Placement of incisions can be done with a No. 11 blade in the locations where the future scar can be easily concealed. Fat grafts can be harvested through the same incision made for infiltration of the aesthetic solution. The size of the incision is about 2 to 3 mm. A tenotomy scissor is used to dilate the underlying subcutaneous tissue through the incision to allow insertion of the harvesting cannula with ease. The aesthetic solution is then infiltrated to the donor site 10 to 15 minutes before fat extraction, which makes harvesting of the fat graft easier and less traumatic. The ratio of aspirated fat to tumescent solution should be about 1:1 so that each pass of fat extraction can be more efficient.

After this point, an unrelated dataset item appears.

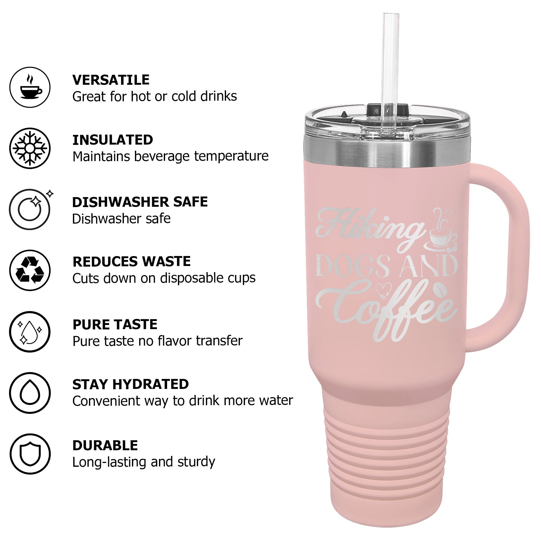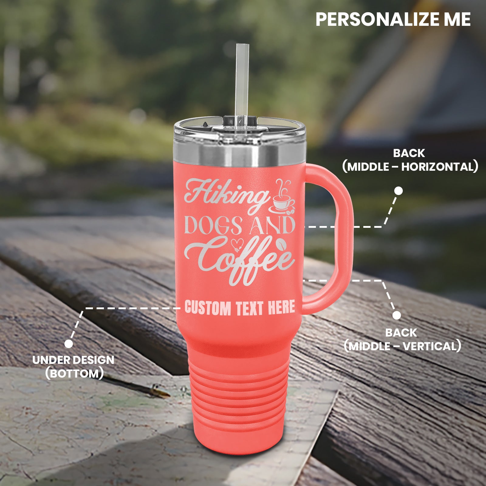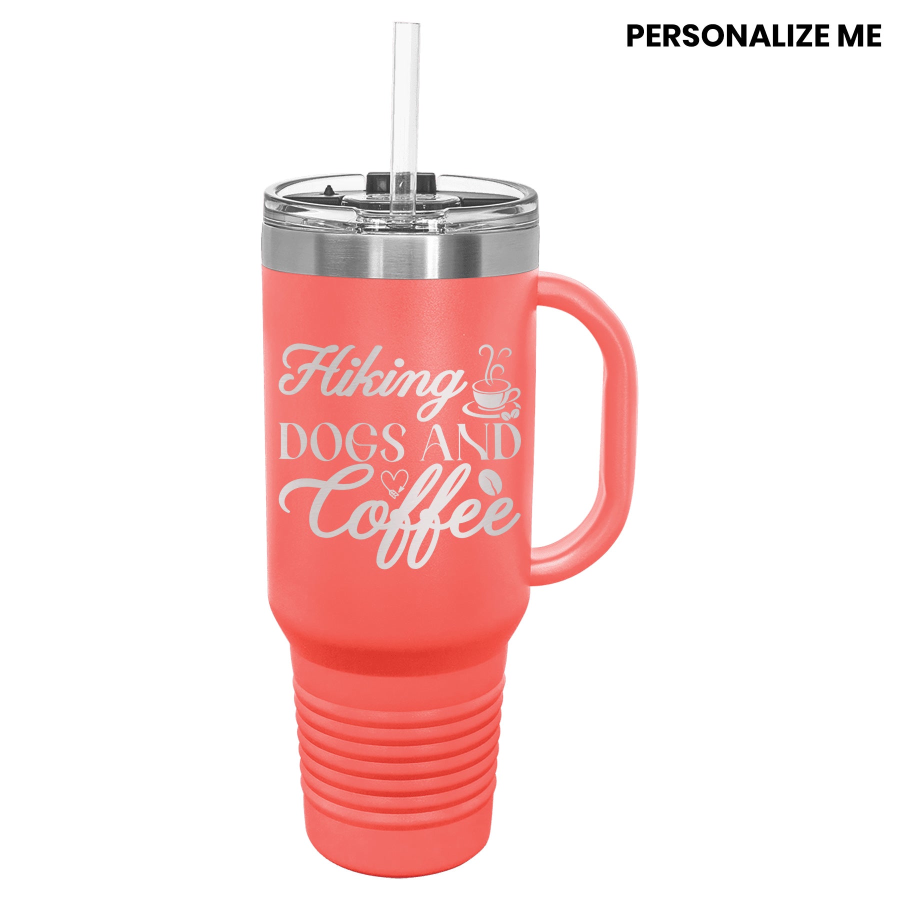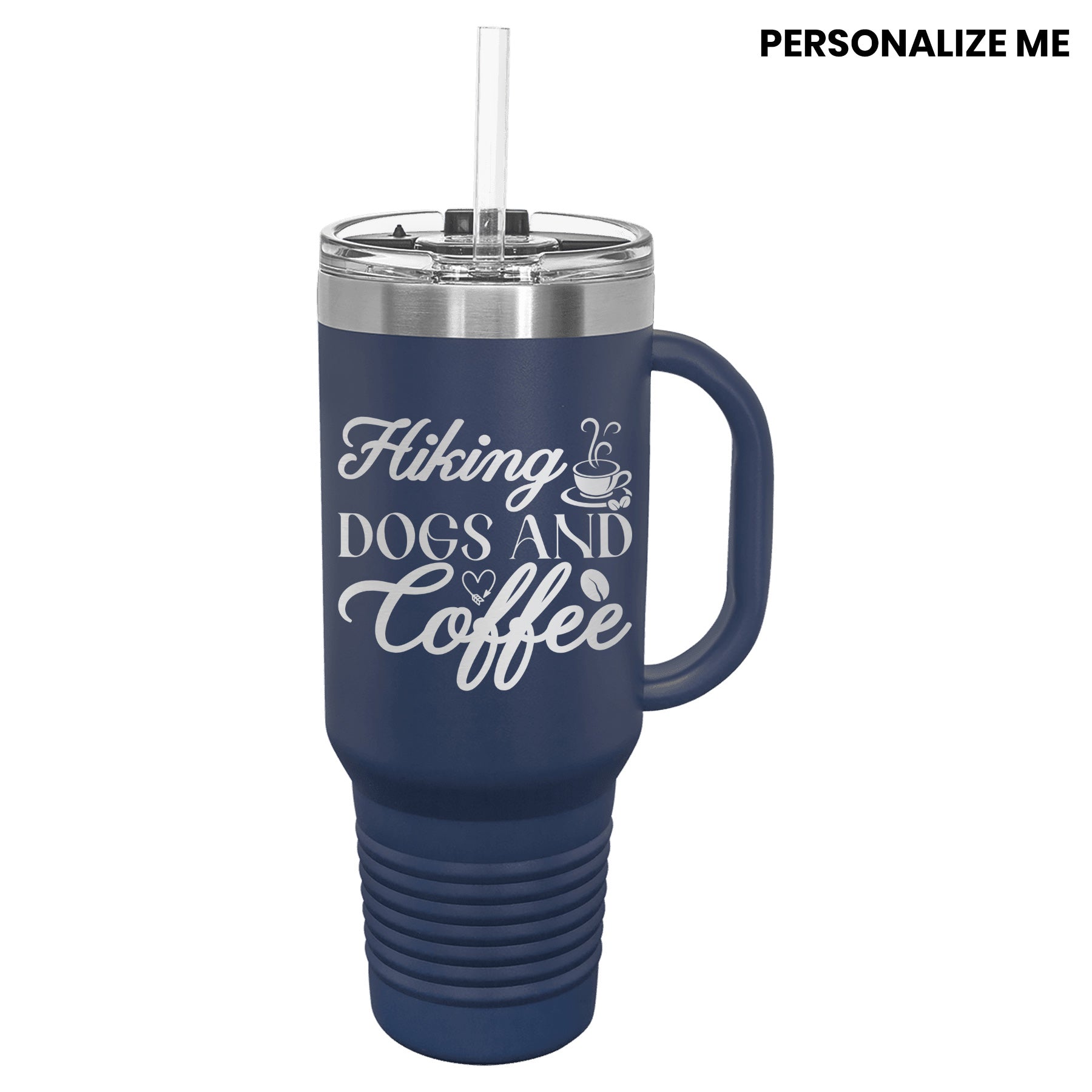 Hiking Dogs And Coffee Vibes Tumbler with Handle

A 10-mL Luer-Lok syringe is used and connected with a harvesting cannula. The authors prefer a 10-mL syringe to a larger one because the 10-mL syringe is less cumbersome in hand. The harvesting cannula is 15 cm long with a blunt tip and has dual openings like the shape of a bucket handle ( Fig. 2 ). Gently pulling back on the plunger creates a 2-mL space vacuum of negative pressure in the syringe. With a gentle back-and-forth movement of the syringe, the fat is gradually collected inside the syringe ( Fig. 3 ). If little fat with too much fluid is present within the syringe, the fluid can be easily pushed out from the bottom of the syringe in a vertical position and fat extraction can be continued. After harvest, all incision sites are closed with interrupted sutures once excess tumescent fluid or blood has been milked out.




Fig. 2


The instruments used for fat injection: Different size and shape of cannulas are used as needed. The forked-tip cannula can be used to release fibrotic tissue, scar, or adhesion.



Fig. 3


Fat graft harvesting: back-and-forth movement with a 10-mL syringe, and fat grafts are easily aspirated into the syringe.


Large- or mega-volume harvesting technique


For large-volume fat grafting, one well-conducted study has showed that fat harvested with low aspiration pressure (<250 mm Hg) has a more viable adipocyte count than that harvested with high aspiration pressure (>760 mm Hg). Several devices have shown their potentials for large- or mega-volume fat graft harvesting with reliability in yielding a greater number of viable adipocytes and a higher level of cellular function within fat graft compared with the standard liposuction technique. One of the examples is the LipiVage fat harvest, wash, and transfer device (Genesis Biosystems, Inc, Lewisville, TX). It may have certain benefits for less-experienced surgeons to use the device for harvesting and processing fat grafts so that such fat grafts can be more consistent in terms of their viability and intact structure. Khouri and colleagues advocated a low-pressure vacuum (300 mm Hg) liposuction with a specially designed device (KVAC-Syringe; Lipocosm, Key Biscayne, FL) to harvest the fat graft with constant low pressure and place it to low G force (15 g, 2 to 3 minutes) using a hand-cranked centrifugation for mega-volume graft harvest and processing. A newly designed harvesting cannula by Khouri may have many advantages because of its efficiency and less trauma to adipocytes. Such a cannula can be incorporated into a large-volume fat grafting instrument set and be used in conjunction with lower suction pressure for large-volume fat graft harvest ( Fig. 4 ).




Fig. 4


A newly designed cannula with multiple side holes for large- or mega-volume fat graft harvest.


Fat Graft Processing


Several methods have been proposed to effectively remove the infiltrated solution and cell debris within the lipoaspirates and to obtain more concentrated fat grafts. However, it is actually the most controversial and disagreeable issue in fat grafting even among many experts in the field. Common methods for processing fat grafts include centrifugation, filtration, or gravity sedimentation.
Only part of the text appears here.